Brief: Starting at the line that contains "昨天,延时开放的北京艺术博物馆(万寿寺)内举行体验活动,小朋友在老师的指导下感受传统纺织技艺。本报记者 武亦彬 摄", transcribe every remaining line of the data below exactly, and omit all pictures.

Source data:
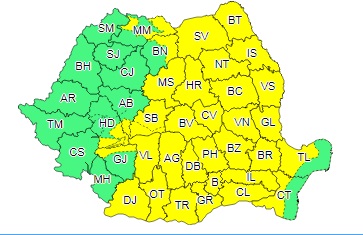 ANM notează că astfel de fenomene se vor semnala și în restul teritoriului, dar pe arii mai restrânse.
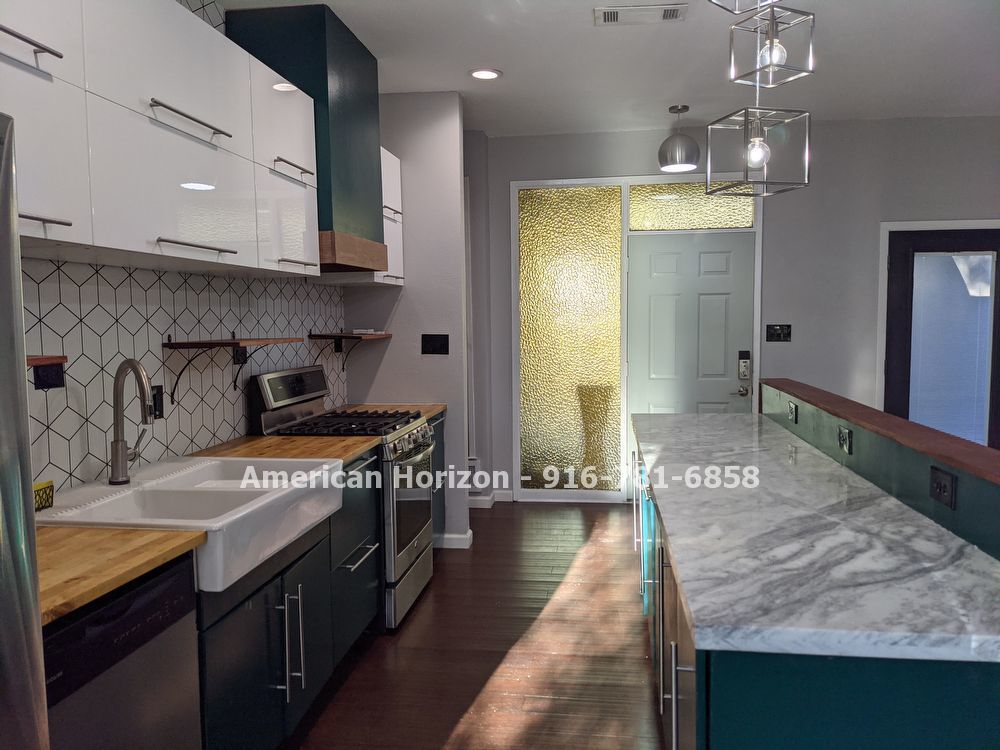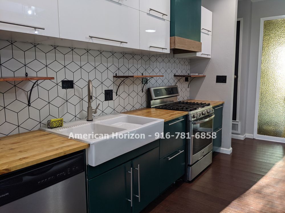 Enjoy all the custom design features in kitchen and bathrooms. Two tone flat panel cabinetry. Butcher block & granite counters plus farmhouse sink. Stainless appliances including dishwasher, gas, range, & fridge.
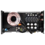 - Filtrácia - hlavný filtračný kondenzátor s kapacitou 10 000μF (low-ESR, audio-grade elektrolytický) vyhladzuje usmernený jednosmerný prúd. Veľká kapacita zabezpečuje dostatočnú energetickú rezervu pre náhle prúdové špičky, čo je kľúčové pri dynamicky náročných hudobných pasážach.
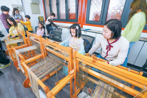 昨天,延时开放的北京艺术博物馆(万寿寺)内举行体验活动,小朋友在老师的指导下感受传统纺织技艺。本报记者 武亦彬 摄
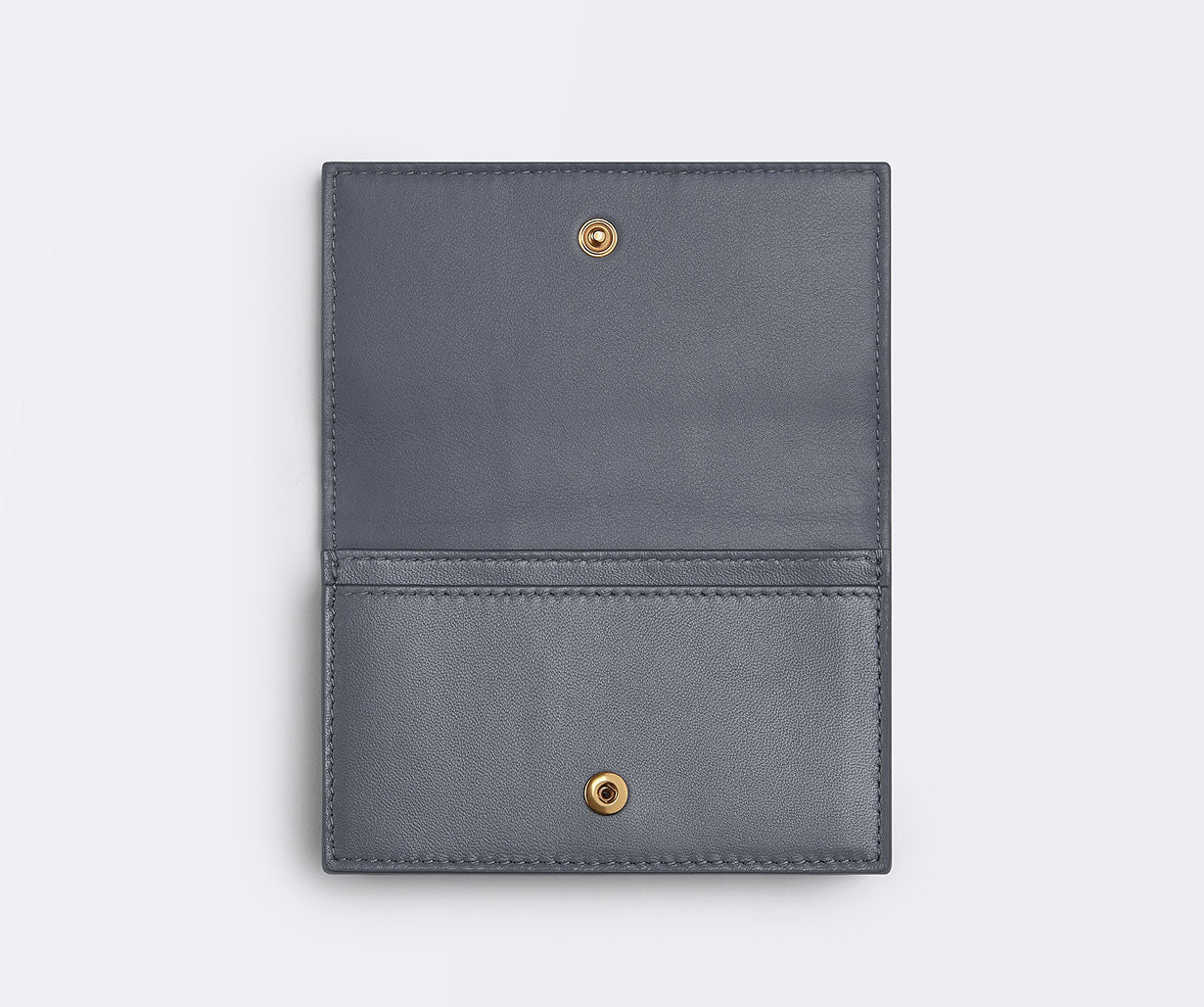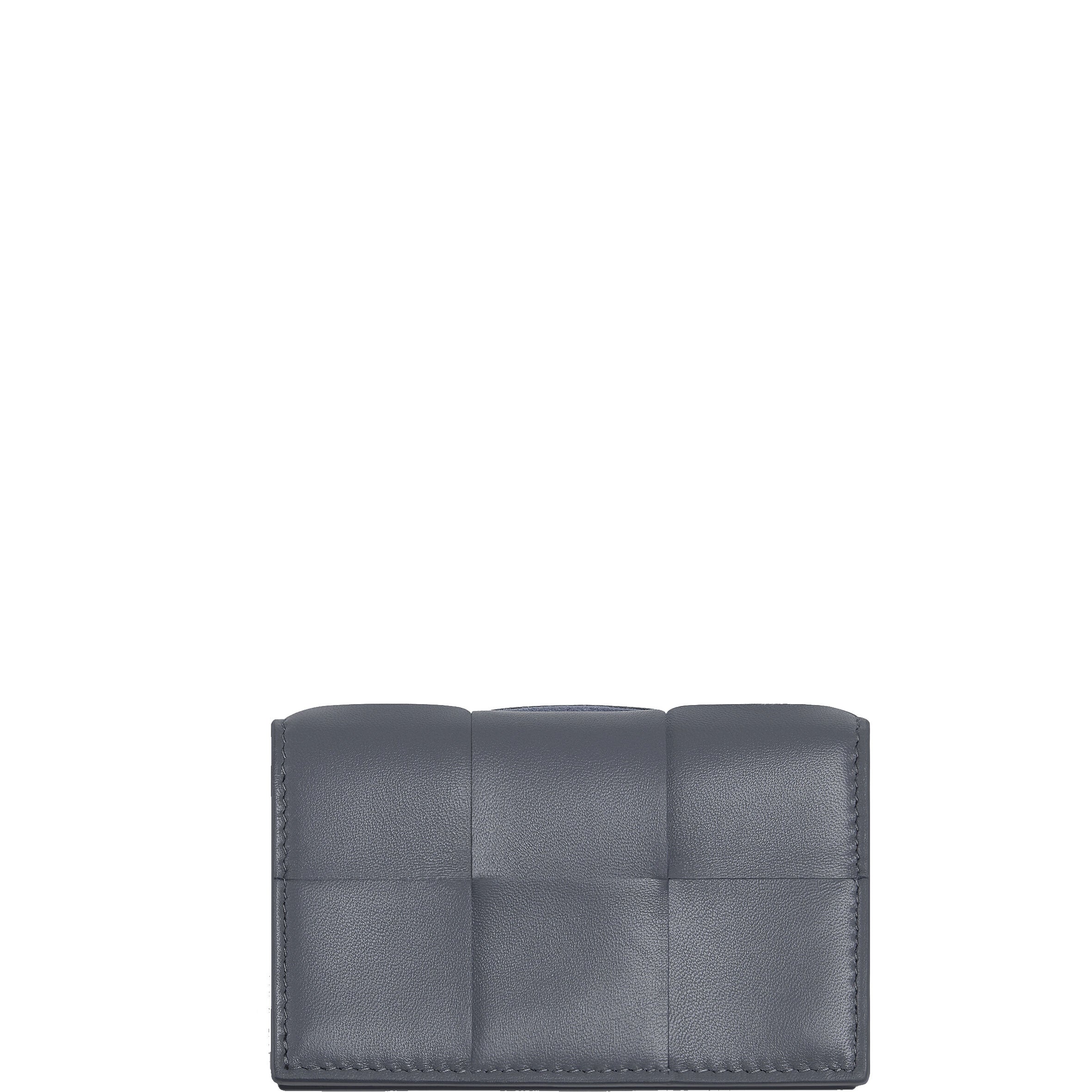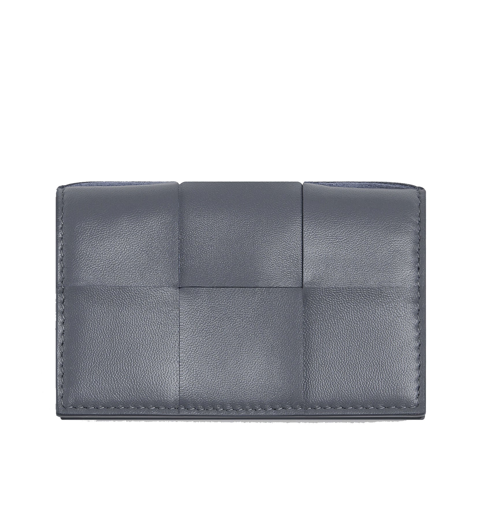 Bi-fold card case in maxi woven nappa. Features one main compartment for cards and one card slot and smooth calf interior

Solution to this task:
 昨天,延时开放的北京艺术博物馆(万寿寺)内举行体验活动,小朋友在老师的指导下感受传统纺织技艺。本报记者 武亦彬 摄
 Bi-fold card case in maxi woven nappa. Features one main compartment for cards and one card slot and smooth calf interior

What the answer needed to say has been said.